|
|
|
|
|---|
APRR : La cour d'appel entendra les avocats en mars
| 0 Commentaire(s) |
|
|---|
La cour d'appel de Paris a reçu l'avis du tribunal administratif
Montebourg conteste le retrait obligatoire des actions APPR demandé par Eiffage
La part du département de Saône-et-Loire au capital au coeur du débat
Plaidoiries des avocats fixées au 15 mars 2012
PARIS, 8 novembre (Reuters) - La cour d'appel de Paris a fixé au 15 mars 2012 la date des plaidoiries des avocats sur le retrait obligatoire des actions APRR , demandé par Eiffage mais contesté par le député socialiste Arnaud Montebourg, a-t-on appris mardi de source judiciaire.
Fin mars, la cour s'était tournée vers le tribunal administratif de Paris pour qu'il lui donne son avis sur ce dossier inédit dans le droit boursier français.
"L'avis est bien revenu", a ajouté la source. "Mais l'audience d'aujourd'hui était uniquement une audience de mise en état pour faire le point sur le dossier."

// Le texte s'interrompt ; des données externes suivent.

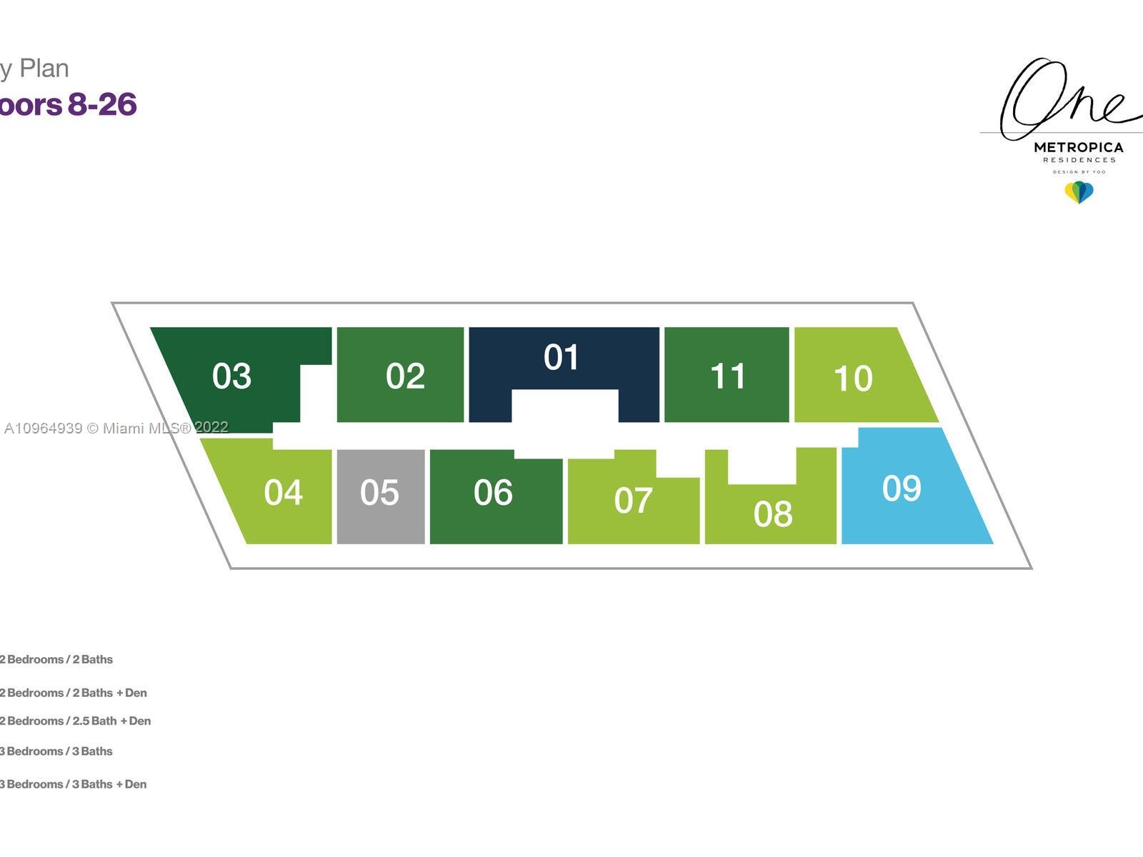 Condo 1BR 1bath 1half bath, facing South, at Metropica. Located in Sunrise adjacent to Sawgrass Mills Mall. Kitchen w/stainless steel appliances, this luxurious residence offers a living space with open kitchen, with Italian Cabinets, white quartz counter-top, panoramic floor to ceiling impact windows, tile floors throughout. Resort amenities include gym by Technogym, spa, sauna & steam room, biz center, kids’ playroom, theatre room, party room, club room w/bar, lounge, kitchen, event/party space. Guest suite, infinity-edge pool, jacuzzi, BBQ, pet spa, 24 security & concierge & valet. One parking space assigned to unit. +Extra parking space and storage room available for rent. Offered at lowest price in the building. Tenants occupied, leased $2,400 until Jun 12, 2023

Une porte-parole d'Eiffage a confirmé que le prochain rendez-vous était fixé au 15 mars.
La source judiciaire a précisé qu'il n'était pas certain que la cour d'appel rende à cette occasion son arrêt dans ce bras de fer que le groupe de BTP et le président du conseil général de Saône-et-Loire se livrent maintenant depuis plus d'un an. Elle a également indiqué que l'avis du tribunal administratif n'était pas public.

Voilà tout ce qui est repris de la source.